The foregoing is a somewhat detailed description of the influence of only one of the factors in determining uncertainty from the equation. Many other values should be similarly examined.

Calculation of the uncertainty associated with the variables in the flow equation is not the only concern for a complete uncertainty determination. Allowance must be made for human interpretation influence, chart integration or computer influence, installation influence, and fluid characteristic influence. Most of these influences are minimized, provided industry standard requirements are met and properly trained personnel are responsible for the operation and maintenance of the station. Since these effects cannot be quantified, they are minimized by recognizing their potential existence and properly controlling the meter station design, operation, and maintenance. Without proper attention to the total problems, a simple calculation of the equation variables may mislead a user into believing that measurement is better than it actually is.

If maintenance is neglected and the measurement experiences abnormal influences, such as contaminant deposits that change its flow characteristics, then the calculation is meaningless until those abnormal influences are removed.

Operating Influences on Liquids

The liquid metering systems most commonly used in the oil industry are turbine metering, positive displacement (PD) metering, and tank gauging. Additionally, the use of ultrasonic and Coriolis meters is growing rapidly. Turbine meters and PD meters measure the flowing stream dynamically, while tank gauging is a static measurement. Both types of metering are covered extensively in the API Manual of Petroleum Measurement Standards (MPMS), and measurement systems must be operated in accordance with their recommendation in order to obtain measurement with a minimum uncertainty. Physical properties and operational constraints will determine a specific system for each application.

Minimizing the uncertainty of a liquid metering system depends on knowing the system’s limitations and operating within them. Some system limitations include:

• Flow rate within calibrated range;

• Viscosities higher or lower than that experienced during calibrations;

• Operating at extreme flow rate; and

• Operating at extreme temperatures.

For turbine and PD meters, a general review should include:

• Is the station actually operating within the design flow range?

• Is the system designed to take into account all of the physical properties, such as temperature, pressure, density or relative density, and to be compatible with any corrosive characteristic of the fluid to be measured?

• Is the meter protected from excessive operating conditions, such as liquid surges, entrained gases (flashing), pulsations, and excessive pressure, and are the protective devices such as pressure relief, surge tanks, and vapor removal equipment installed and operating properly?

• Is the flowing environment clean (especially important for turbine meters)?

• If the liquid has a high vapor pressure, is back pressure monitored and controlled?
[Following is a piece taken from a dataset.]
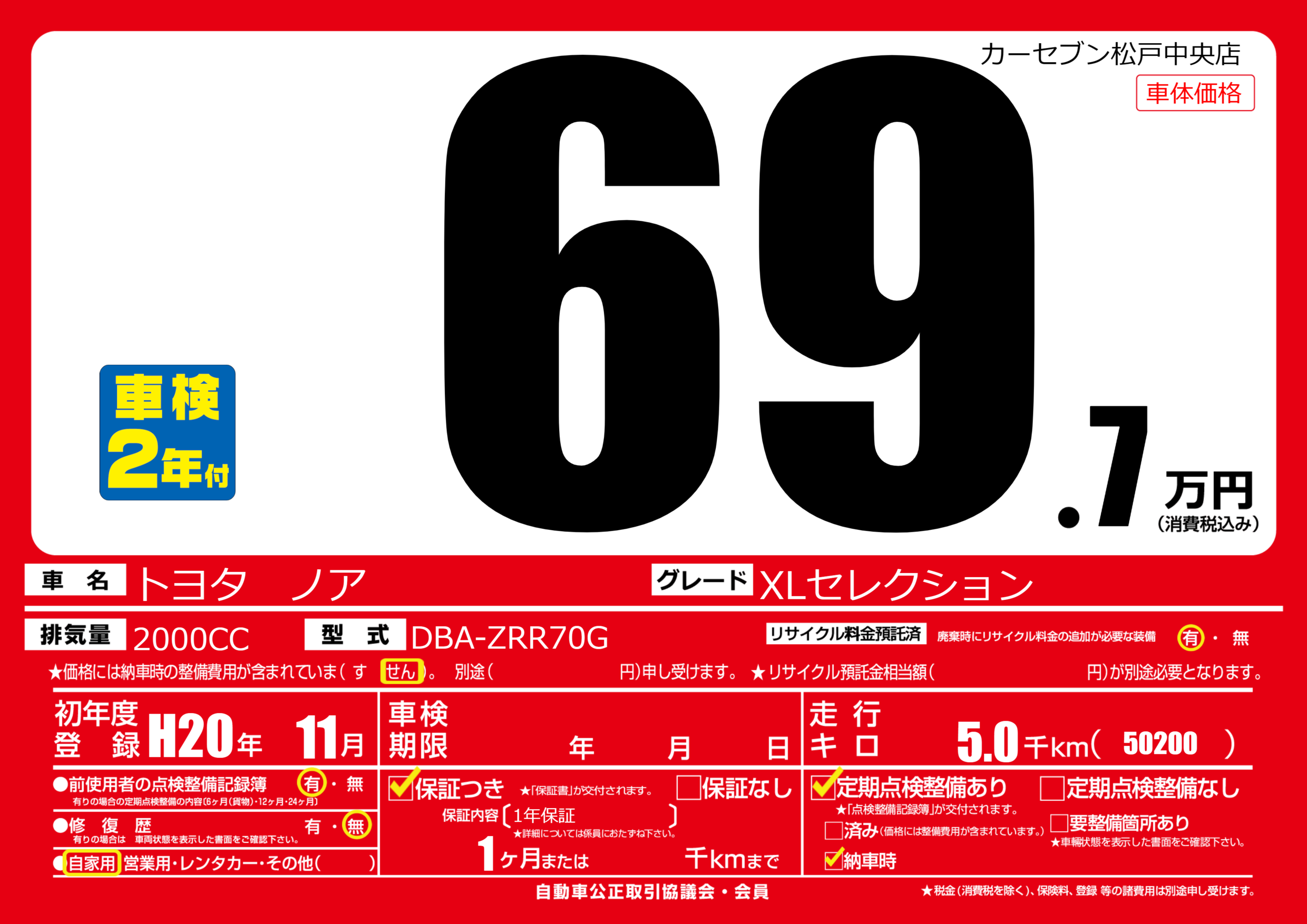 | 車名 | トヨタ ノア | グレード ミッション 排気量 |

The influence of these conditions can be identified and tracked by the use of an operating system control chart such as shown in Figure 8-10.

image
Figure 8-10 Control chart.

The value of good measurement should be obvious to the readers of this book. To obtain this quality of measurement there are two main areas affecting meter operation: system parameters and meter parameters.

System parameters should include fluid viscosity. Both turbine meters’ and positive displacement meters’ performance can be affected by liquid viscosity. A PD meter is more linear than a turbine meter at higher viscosities. As viscosities increase, a turbine meter’s meter factor can become significantly non-linear. On the other hand, PD meters tend to be less sensitive to viscosity variations and more concerned with slippage and pressure drop. At lower flow rates, a PD meter factor curve can be affected as viscosity drops due to increased slippage. As viscosities go up, pressure drop increases and meter wear is increased. If the liquid viscosity changes widely, meter performance will be affected by the deviations as shown in the previous charts. Examples of the influence of varying viscosity on the performance of PD meters and two types, conventional and helical, of turbines meters are shown in Figures 8-10a, 8-10c, and 8-10e. In addition, Figures 8-10b, 8-10d, and 8-10f show how the performance of these meters can be improved by characterization using the information from meter factor control charts.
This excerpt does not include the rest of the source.